In summary, the icing thickness generally shows an increasing trend with altitude; however, the icing rate is relatively independent of altitude. The impact of various microtopographies on the icing rate is significant, with windward slopes demonstrating 2~4 times higher icing thickness and growth rate compared to those at the leeward slopes at similar altitudes.

3.3. Relationship between Meteorological Elements and Altitude under Different Microtopographies during Icing Events

Air temperature, wind speed, and liquid water content are well-recognized as the primary meteorological factors influencing wire icing growth. To investigate their impacts, the distribution of the average on these three factors across the 15 icing events observed over three years was analyzed (Figure 3), and then a detailed examination of the relationship between these factors with altitude at the six monitoring towers was conducted, with a particular focus on the impact of micro-topography on their relationship.
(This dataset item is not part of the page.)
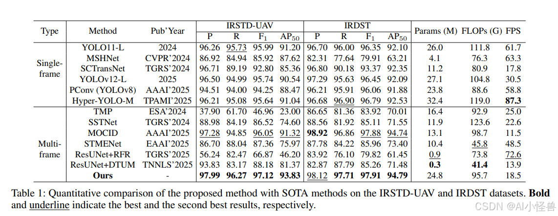 对于单帧方法,我们选取了基于CNN的通用检测器YOLO11-L、YOLOv12-L和Hyper-YOLO-M,以及专门为IRSTD设计的MSHNet和PConv。此外,我们还选取了基于Transformer的红外专用基线模型SCTransNet。对于多帧方法,我们选取了红外专用的基于CNN的方法,包括TMP、SSTNet、MOCID、STMENet、RFR和DTUM。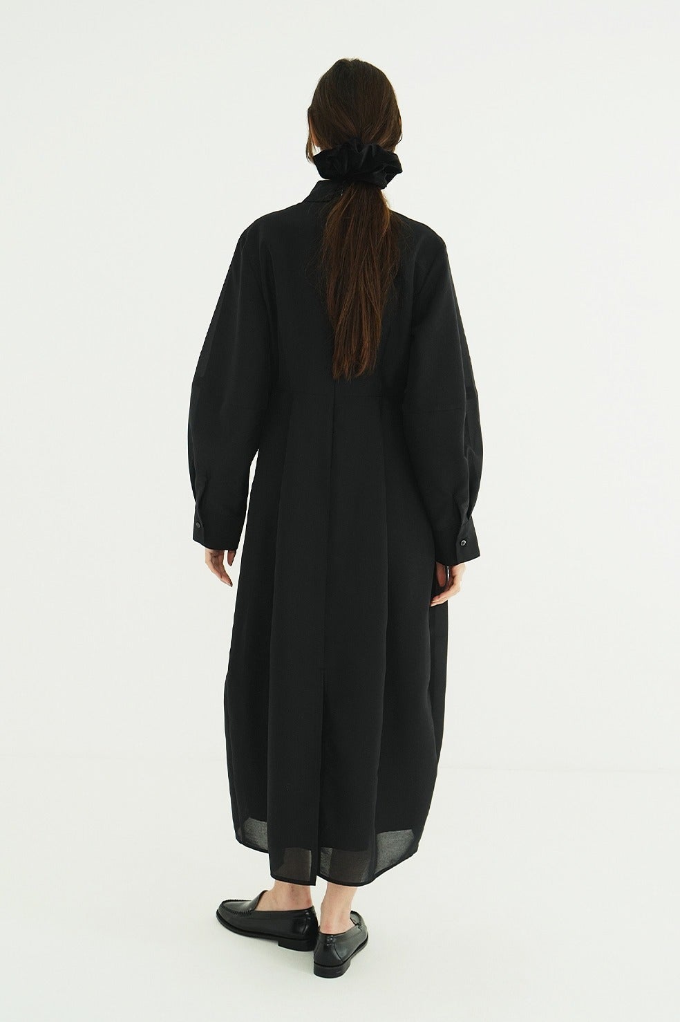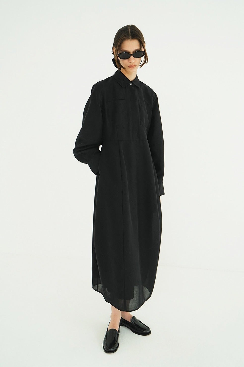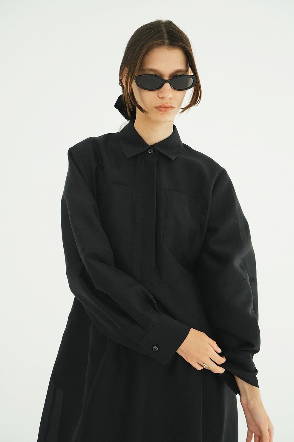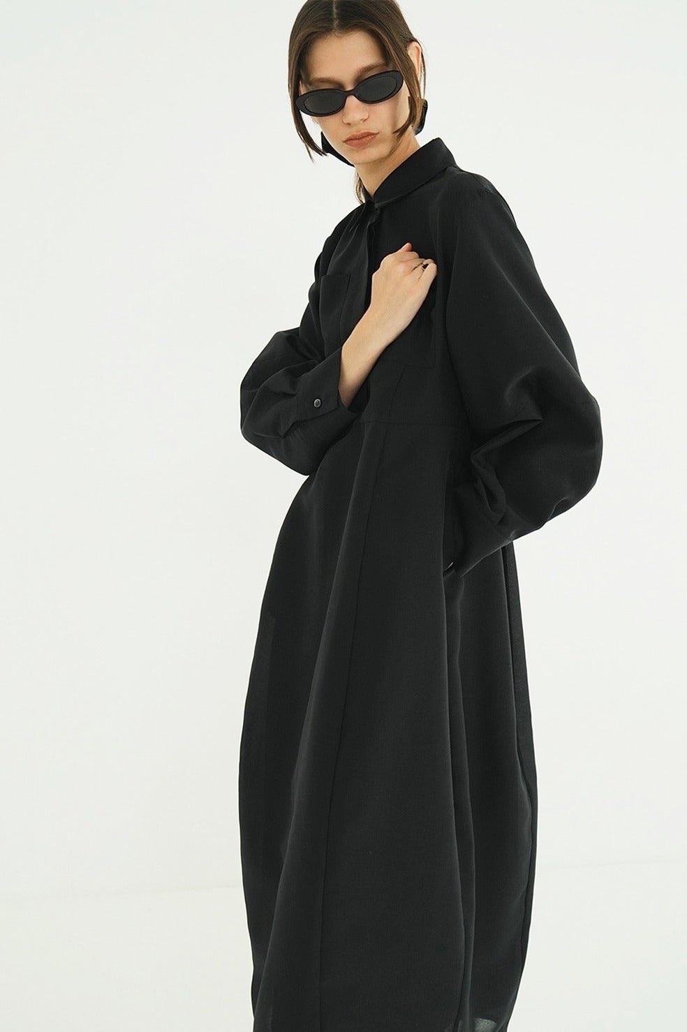 スカート部分にボリュームが出るよう、構築的なコクーンシルエットに仕上げました。

Figure 3 illustrates that temperature generally decreases with altitude, whereas wind speed and liquid water content roughly increase with altitude, with notable exceptions at Towers A and C. The unique turning points in the trend lines at Towers A (at the leeward slope near hilltop), and C (at the leeward slope) deviated from the general patterns, suggesting the potential role that micro-topography may play in modulating the relationship between these meteorological elements and altitude, particularly at leeward slopes. For observation towers at the windward slope, the decreasing temperature and the increasing wind speed and liquid water content with altitude are theoretically conducive to ice formation and growth, implying a potential rise in icing rate and thickness with altitude, which generally agrees with the observations reported in this study. However, it appears that icing thickness and growth rate are more sensitive to meteorological factor variations at higher altitudes compared to lower ones. For instance, Towers E and F, at lower altitudes, exhibit minimal differences in their icing thickness and rate despite clear distinctions in the three meteorological factors. In contrast, at higher altitude towers, such as B and D, the differences in icing thickness and growth rate are pronounced, even with minor variations in temperature, wind speed, and liquid water content. These findings indicate that the relationship between the three meteorological factors and icing thickness and growth rate is complex and influenced by microtopography over the mountain area. Further research is necessary to fully understand the underlying physical mechanisms that govern the non-linear relationship between meteorological factors and icing thickness and growth rate.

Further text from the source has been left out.